WHEREAS, the Parties wish to enter into this Agreement to support the general framework for the commercialization and development of the Products in Territory A;

NOW, THEREFORE, in consideration of the mutual covenants and the terms and conditions contained herein, and for other good, valuable and binding consideration, the receipt and sufficiency of which are hereby acknowledged, the Parties agree as follows:

ARTICLE I

DEFINITIONS

SECTION 1.01. Defined Terms.
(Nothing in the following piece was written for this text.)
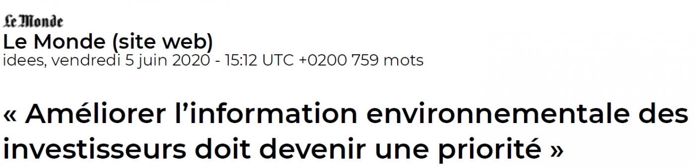 Voici une belle tribune au journal Le Monde de deux professeurs en faveur d’un reporting environnemental à la hauteur. Cet article permet aussi de mieux comprendre les enjeux qui se cachent derrière le reporting extrafinancier, sujet à l’apparence aride et technique ! Bien au contraire, on peut facilement y apercevoir des enjeux de sociétés, qui méritent débats et réflexions. À très vite pour un nouveau billet.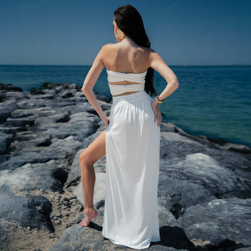 Strapless cut out maxi dress in pure white with wide bands joined in braided loops with golden metal details, open double banded cut out back, side slit skirt.

As used in this Agreement, the following terms shall have the following meanings:

Adverse Event ” means any negative symptom experienced at the time of or after the taking of any Product of which any Party or any of its Affiliates becomes aware, whether or not considered drag related, including, without limitation, any side effects, injury, toxicity or sensitivity reaction, or significant failure of expected pharmacological action, as well as instances of symptomatic overdose, abuse or withdrawal reactions.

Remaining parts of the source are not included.